* **What is expected**: Go through the entries below and print, exactly, the lines starting at the one with "Ford Mustang Stripes" and ending at the one with "Продаётся 2-комнатная квартира", keeping both ends and no others.

* **Records shown**:
-=-=-=-=-

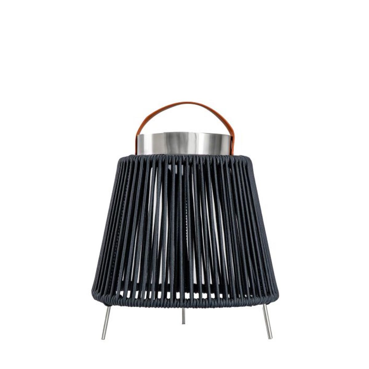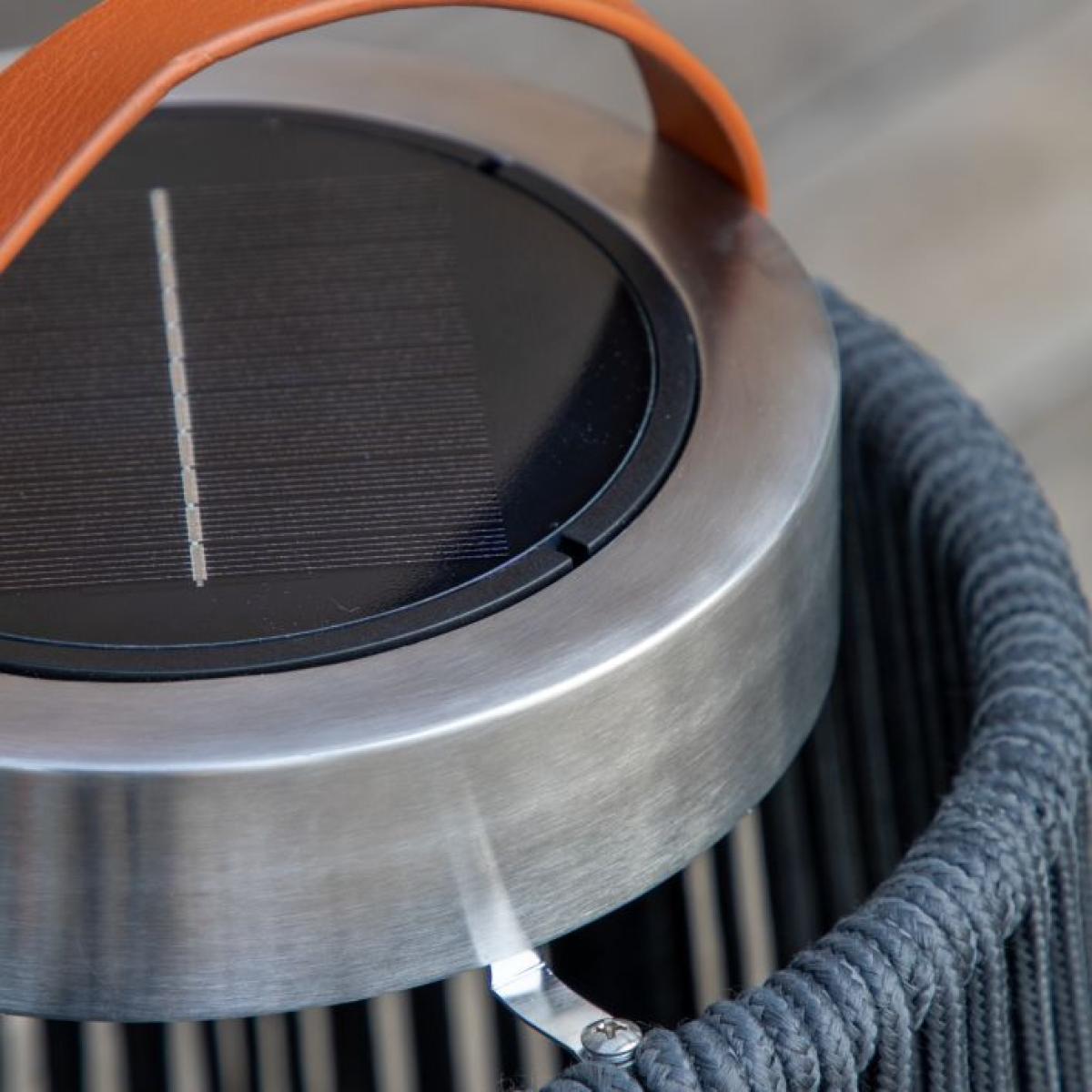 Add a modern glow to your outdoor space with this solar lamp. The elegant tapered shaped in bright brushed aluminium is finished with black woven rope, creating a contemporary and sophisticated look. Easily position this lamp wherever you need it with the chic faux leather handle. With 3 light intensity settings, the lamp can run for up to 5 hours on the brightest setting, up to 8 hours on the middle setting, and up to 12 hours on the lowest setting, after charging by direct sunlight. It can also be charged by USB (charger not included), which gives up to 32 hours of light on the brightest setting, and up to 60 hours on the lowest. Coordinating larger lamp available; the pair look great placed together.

-=-=-=-=-

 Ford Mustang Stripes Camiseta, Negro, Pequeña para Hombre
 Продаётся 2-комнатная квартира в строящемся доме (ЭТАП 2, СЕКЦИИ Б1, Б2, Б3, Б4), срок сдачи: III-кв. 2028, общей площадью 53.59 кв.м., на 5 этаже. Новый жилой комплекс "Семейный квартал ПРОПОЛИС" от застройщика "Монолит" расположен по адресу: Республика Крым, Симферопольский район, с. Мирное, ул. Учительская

-=-=-=-=-

* **Answer to the problem**:
 Ford Mustang Stripes Camiseta, Negro, Pequeña para Hombre
 Продаётся 2-комнатная квартира в строящемся доме (ЭТАП 2, СЕКЦИИ Б1, Б2, Б3, Б4), срок сдачи: III-кв. 2028, общей площадью 53.59 кв.м., на 5 этаже. Новый жилой комплекс "Семейный квартал ПРОПОЛИС" от застройщика "Монолит" расположен по адресу: Республика Крым, Симферопольский район, с. Мирное, ул. Учительская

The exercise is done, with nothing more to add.